= Treaty of Blois =

The Treaty of Blois may refer to:

- Treaty of Blois (1499), an alliance between France and Venice against the Duchy of Milan.
- Treaty of Blois (1504) (September 22), Louis XII of France and Maximilian I, King of the Romans agree that the dowry of Louis XII's daughter, Claude, in marriage to Maximilian's grandson, the future emperor Charles V, would include Milan and Burgundy. In return, Maximilian agrees to recognize Louis XII as the duke of Milan. The union never happens.
- Treaty of Blois (1505) (October 12), Louis XII of France renounces his claim to Naples, leaving the kingdom in control of Ferdinand of Aragon.
- Treaty of Blois (1509) (December 12), an alliance between Ferdinand II of Aragon (and now regent of Castile), Holy Roman Emperor Maximilian I, and King Louis XII of France in the War of the League of Cambrai in northern Italy.

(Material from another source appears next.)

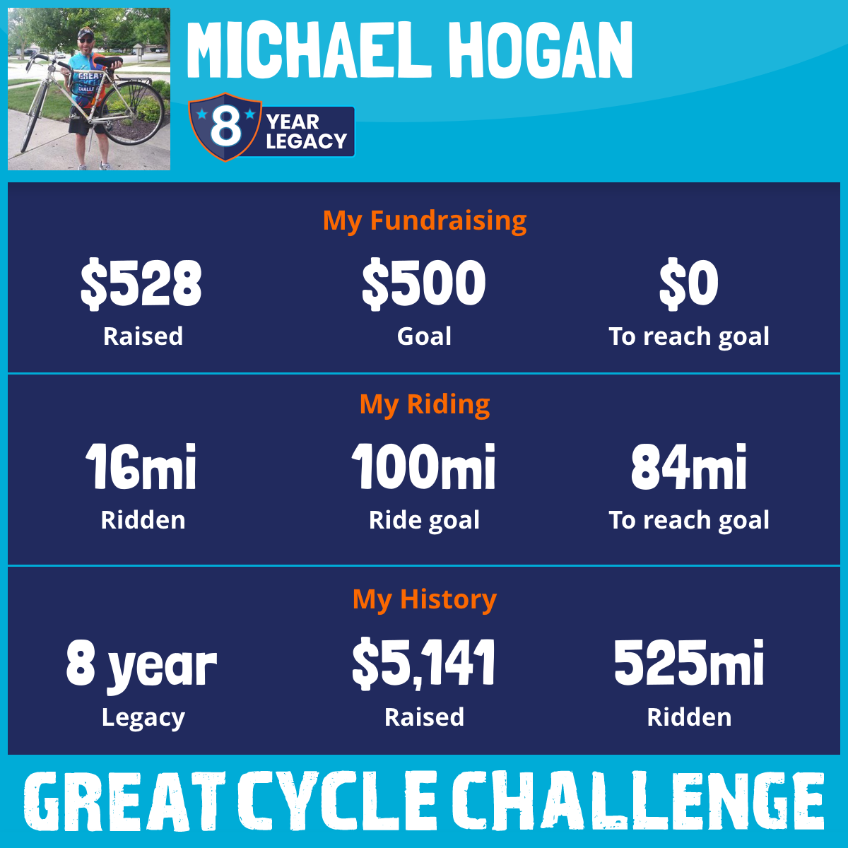 This September, I am taking part in the Great Cycle Challenge to fight kids' cancer! This is my sixth year. Unfortunately, this year I will be doing my low mileage riding on an exercise bike due to recent hip replacement surgery.

- Treaty of Blois (1512) (July 18), a defensive pact between Navarre and France to respect Navarre's neutrality, whereby Francis I of France also recognizes the sovereignty of the Principality of Béarn.

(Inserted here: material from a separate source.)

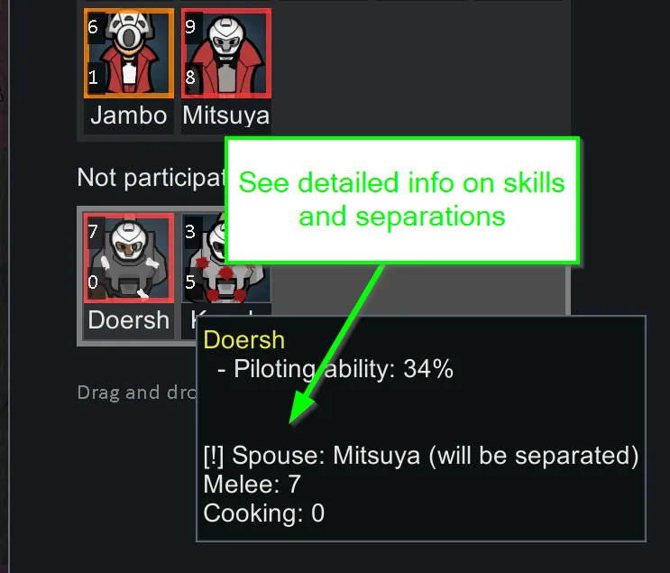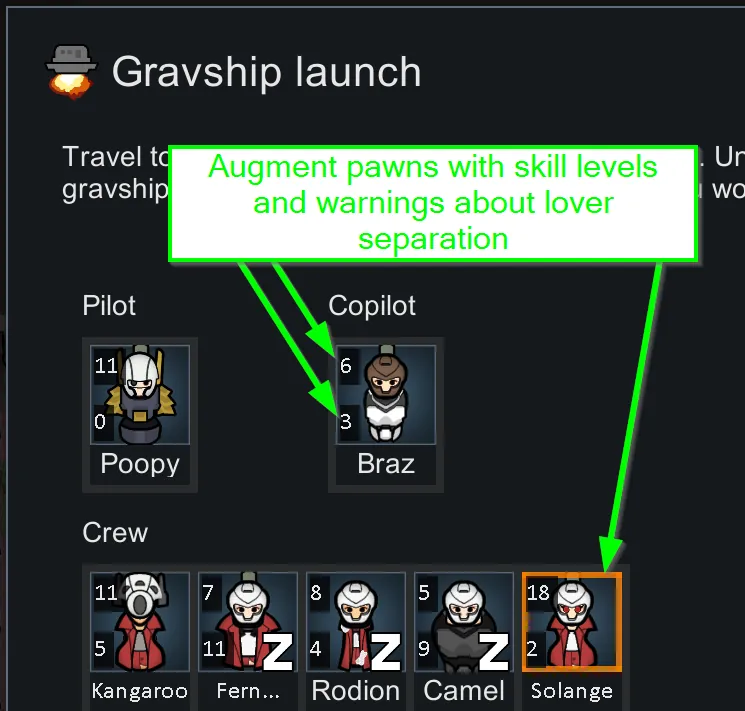 Provides extra info about your colonists to help when selecting the crew for your Gravship launch.

- Treaty of Blois (1513) (March 23), an alliance between France and Venice against the Duchy of Milan.
- Treaty of Blois (1572), an agreement to have free trade and a military alliance between England and France against Spain in the Spanish Netherlands.

==Sources==
- Augustyn, Adam (2024). "Louis XII"
- Campbell, Gordon (2005). "The Oxford Dictionary of Renaissance"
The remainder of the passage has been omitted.